» WORK TO COMPLETE
Your answer must be the lines from the start of the records through the line with "Ολόκληρη τρύπα στον πεζόδρομο", exactly as written, without the pictures.

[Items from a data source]
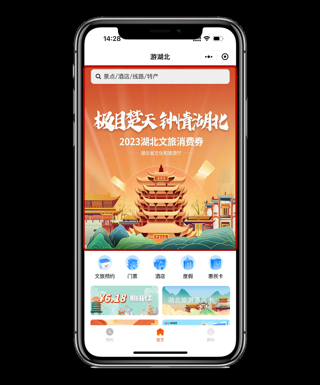 第一步:打開“游湖北”APP/小程序——點擊進入“極目楚天 鐘情湖北”文旅消費券活動
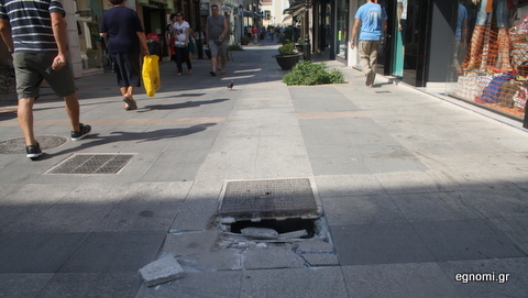 Ολόκληρη τρύπα στον πεζόδρομο
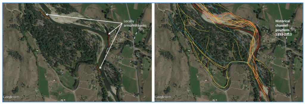 Figure 6. Example of bank armoring that locally precludes maintenance of active channel-migration processes along the Twisp to Carlton reach of the Methow River. Flow is from the upper left to the bottom right of the images; base imagery from Google Earth. Left panel: red lines indicate field-mapped extent of bank armoring; numbers along the channel are river miles. Right panel: air photo-mapped channel centerlines through this reach: blue = 1893, yellow = 1940s, orange = 1960s–1970s, red = 2004, air photo base = 2013. The extent of channel migration has been significantly reduced post-1940s, in large measure from bank armoring. - Riparian vegetation community succession: Enhancement can be accomplished by riparian forest replanting along riverfront properties secured through landowner grants, conservation easements or fee-simple purchase. Benefits are in providing increased inputs of terrestrial insects and organic materials, supporting the long-term recruitment of LWM, increasing riparian shade and improving bank cover along existing channel margins to improve juvenile foraging and cover/holding habitat.
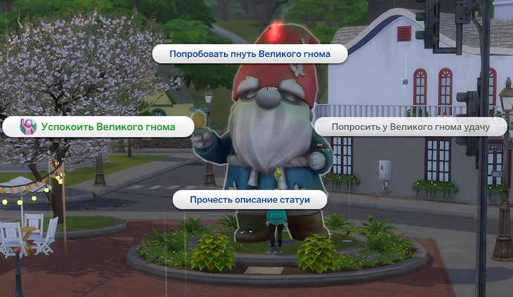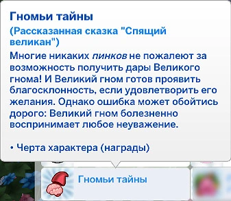 После этого вы получите черту характера, с помощью которой вам откроется действие "Успокоить гнома", предложив ему один из трёх даров. Если вам повезёт, вы получите награду от гнома, но если нет, то он нашлёт на вас заболевание!
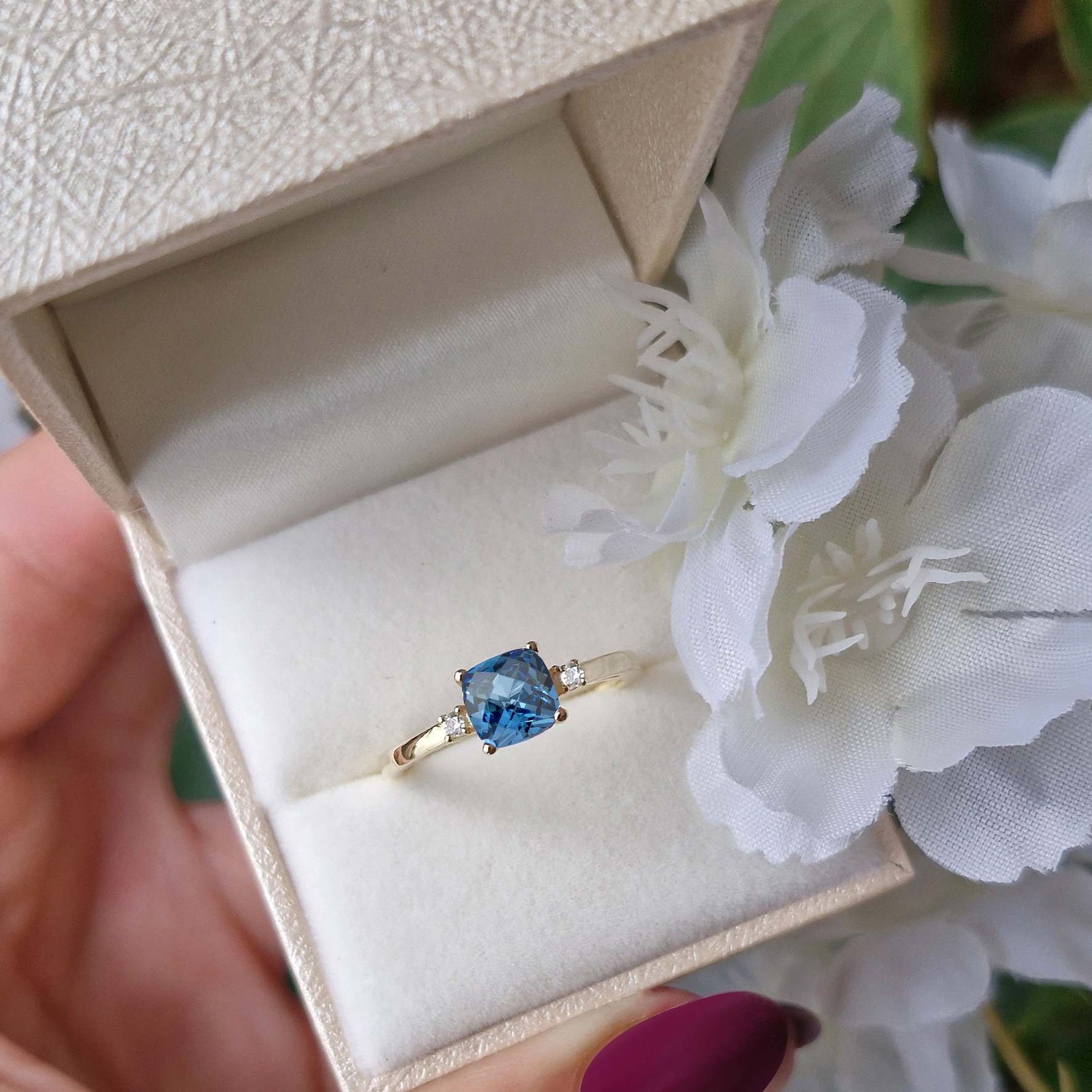 Oprawione kamienie: cyrkonia cushion tanzanit, cyrkonie

» WRITTEN SOLUTION
 第一步:打開“游湖北”APP/小程序——點擊進入“極目楚天 鐘情湖北”文旅消費券活動
 Ολόκληρη τρύπα στον πεζόδρομο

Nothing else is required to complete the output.